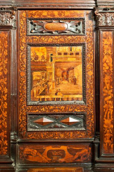 Schienale composto da una cornice intarsiata con mascheroni e girali di foglie, al centro della quale è inserita una tarsia istoriata con "Assalonne, Cusai e Achitofel in consiglio"; superiormente un pannello intagliato con un cartiglio contenente il "titulum" della storia sottostante e inferiormente un pannello intagliato a motivi geometrici; ancora più sotto è inserito un altro pannello intarsiato con un cartiglio avente al centro un drago e sostenuto da nudi maschili; ogni schienale è separato dall'altro da una lesena intarsiata.
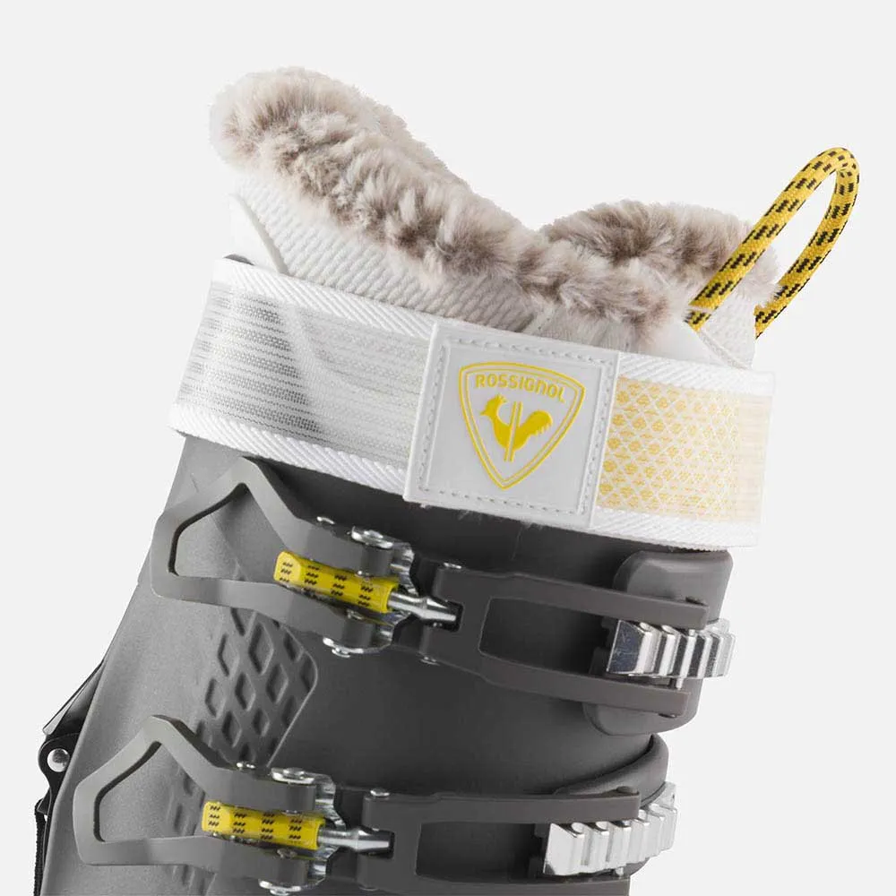 - Благодаря укороченной верхней манжете и открытой форме тюльпана на задней части внутреннего ботинка женская манжета соответствует естественной форме икры женщины, обеспечивая улучшенный баланс, комфорт и производительность.
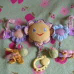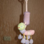 Жерафчик крепится за большое кольцо на коляску, шуршит, пищит, сделан из разных материалов специально для маленьких.
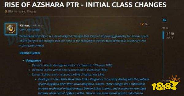 开发人员说明:与其他坦克相比,复仇专精的主动减伤技能处于冷却时,他们需要处理减伤能力较低的问题。这些改动将大幅提升恶魔尖刺冷却时的物理减伤能力,而在恶魔尖刺激活时略微提高减伤能力。对于魔法伤害也有一些总体的被动减伤。总体而言,复仇专精受到的持续性伤害将有所降低,恶魔尖刺冷却时的脆弱期将有所减少。
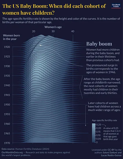 A ridgeline plot showing the US baby boom. Each curve represents a birth cohort of women. The height and colour at each age shows the fertility rate of women at a given age. Source: The baby boom in seven charts, by me and Lucas RodƩs-Guirao on Our World in Data.
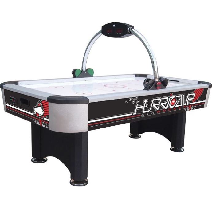 Stol za zračni hokej Hurricane teži 96 kilograma i luksuzno je izrađen – s velikom površinom za igru, podignutim rubnim okvirima i elektroničkom pločom za rezultate.
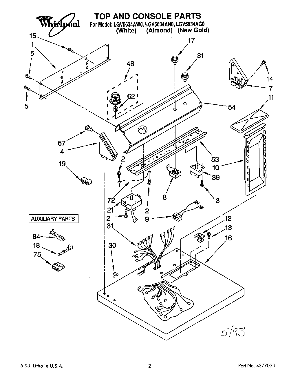 LGV5634AW0 01 – TOP AND CONSOLE, LIT/OPTIONAL
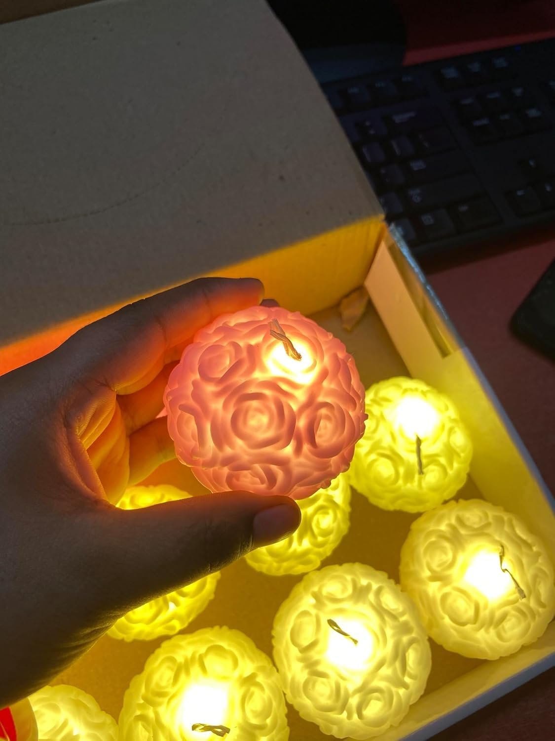 - HANDCRAFTED DESIGN: Beautiful spherical candle adorned with intricately detailed rose patterns, creating an elegant and romantic ambiance
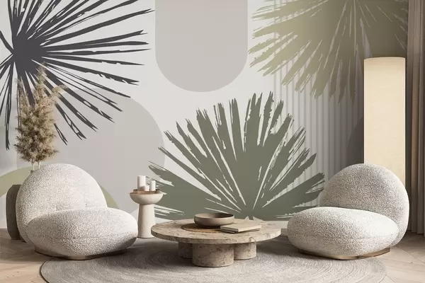 Peintures murales Abstraction avec des silhouettes végétales et géométriques Nr. w05505v2
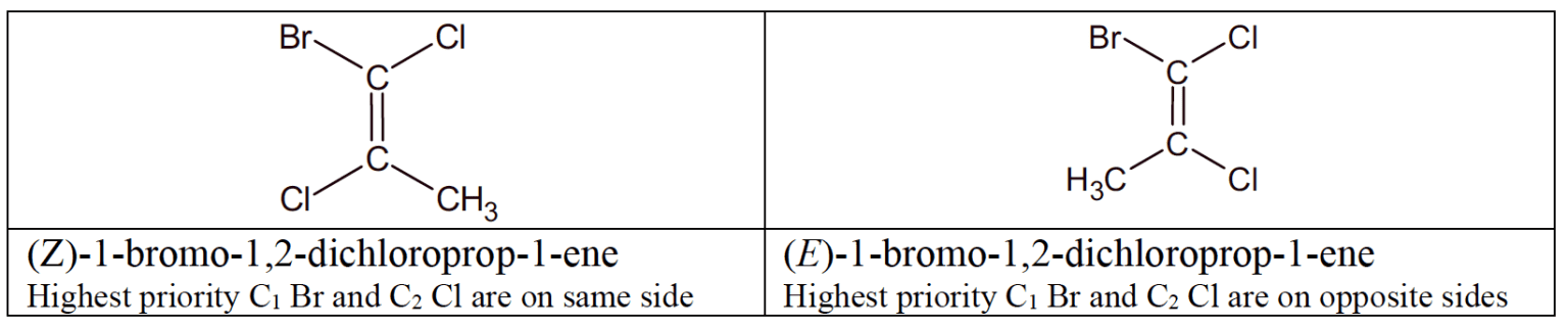 - Each group attached to each $\rm C$ atom of the ring or double bond is assigned a priority based on atomic number. The $\rm E$ isomer has the two groups of highest priority on the same side of the double bond or ring, and the $\rm Z$ group has them on the opposite sides.

☆ ☆ ☆ ☆

• ACTION ITEM: Reproduce the records above exactly, but only from the line containing "Stol za zračni" through the last line, both included, and without any pictures.

• ANSWER TO THIS EXERCISE:
 Stol za zračni hokej Hurricane teži 96 kilograma i luksuzno je izrađen – s velikom površinom za igru, podignutim rubnim okvirima i elektroničkom pločom za rezultate.
 LGV5634AW0 01 – TOP AND CONSOLE, LIT/OPTIONAL
 - HANDCRAFTED DESIGN: Beautiful spherical candle adorned with intricately detailed rose patterns, creating an elegant and romantic ambiance
 Peintures murales Abstraction avec des silhouettes végétales et géométriques Nr. w05505v2
 - Each group attached to each $\rm C$ atom of the ring or double bond is assigned a priority based on atomic number. The $\rm E$ isomer has the two groups of highest priority on the same side of the double bond or ring, and the $\rm Z$ group has them on the opposite sides.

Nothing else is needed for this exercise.